C: unary minus operator behavior with unsigned operands

Alexey Frunze picture Alexey Frunze · Nov 6, 2011 · Viewed 15k times · Source

I can't seem to find the relevant parts in the C standard fully defining the behavior of the unary minus operator with unsigned operands.

The 2003 C++ standard (yes, C++, bear with me for a few lines) says in 5.3.1c7: The negative of an unsigned quantity is computed by subtracting its value from 2^n, where n is the number of bits in the promoted operand.

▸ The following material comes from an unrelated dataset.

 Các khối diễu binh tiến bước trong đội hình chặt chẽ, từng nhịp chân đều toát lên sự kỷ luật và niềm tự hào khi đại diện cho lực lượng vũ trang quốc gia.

The 1999 C standard, however, doesn't include such an explicit statement and does not clearly define the unary - behavior neither in 6.5.3.3c1,3 nor in 6.5c4. In the latter it says Some operators (the unary operator ~, and the binary operators <<, >>, &, ^, and |, ...) ... return values that depend on the internal representations of integers, and have implementation-defined and undefined aspects for signed types.), which excludes the unary minus and things seem to remain vague.

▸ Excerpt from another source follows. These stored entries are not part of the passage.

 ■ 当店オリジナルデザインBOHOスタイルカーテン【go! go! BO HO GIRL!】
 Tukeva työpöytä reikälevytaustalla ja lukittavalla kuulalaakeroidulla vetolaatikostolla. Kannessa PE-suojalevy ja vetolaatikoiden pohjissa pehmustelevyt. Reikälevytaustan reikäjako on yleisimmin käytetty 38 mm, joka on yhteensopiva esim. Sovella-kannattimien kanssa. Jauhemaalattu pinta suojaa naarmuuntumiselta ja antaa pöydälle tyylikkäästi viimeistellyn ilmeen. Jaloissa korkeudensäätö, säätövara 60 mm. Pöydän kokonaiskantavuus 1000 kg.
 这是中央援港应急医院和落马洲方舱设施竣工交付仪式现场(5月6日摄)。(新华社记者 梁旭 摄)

This earlier question refers to the K&R ANSI C book, section A.7.4.5 that says The negative of an unsigned quantity is computed by subtracting the promoted value from the largest value of the promoted type and adding one.

What would be the 1999 C standard equivalent to the above quote from the book?

6.2.5c9 says: A computation involving unsigned operands can never overflow, because a result that cannot be represented by the resulting unsigned integer type is reduced modulo the number that is one greater than the largest value that can be represented by the resulting type.

Is that it? Or is there something else I'm missing?

Answer

Roland Illig picture Roland Illig · Nov 6, 2011

Yes, 6.2.5c9 is exactly the paragraph that you looked for.